BTC Struggles to Break 100K as Market Dominance Declines Amid ETH’s Rising Short-Term Call Demand

According to the latest analysis from QCP published on November 25th, the cryptocurrency market has experienced a significant downturn, with liquidations exceeding $1 billion in Bitcoin (BTC) and Ethereum (ETH) positions across major exchanges. Despite this setback, both BTC and ETH are maintaining trading levels above crucial support thresholds, specifically at $95,000 for Bitcoin and $3,200 for Ethereum. The market displayed a brief rebound over the weekend, yet volatility remains elevated as investors look towards potential sideways consolidation for BTC until December.

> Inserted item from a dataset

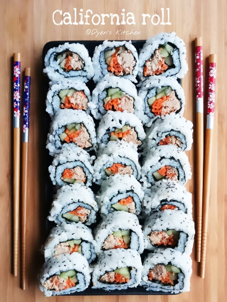 Le california roll (maki californien) ou le maki inversé est un type particulier d’uramaki. Contrairement aux maki sushi traditionnels, le riz du California roll est à l’extérieur du rouleau et la feuille de nori à l’intérieur. Au niveau des ingrédients, le california roll se compose habituellement de concombre, d’avocat, de bâtonnets de surimi et de mayonnaise etla couche de riz est recouverte de graines de sésame, d’oignons fruits, ou d’œufs de poisson…

Current assessments indicate that the risk reversal for ETH still strongly favors short-term call options, whereas the bullish sentiment for BTC is largely expected to rise post December 27, 2024. This optimism is tied to anticipated pro-crypto policies from former President Trump, projected to influence the market in the coming year. Notably, with BTC continuously facing resistance around $100,000, there appears to be a migration of capital towards ETH and alternative cryptocurrencies, evidenced by BTC’s market dominance slipping from 62% to 59% recently.

While the community observes considerable inflows into spot ETFs, the persistent sell wall at $100,000 is hindering BTC’s upward momentum. This situation underscores a critical period for investors as the market navigates shifting dynamics and grasps opportunities across various digital assets.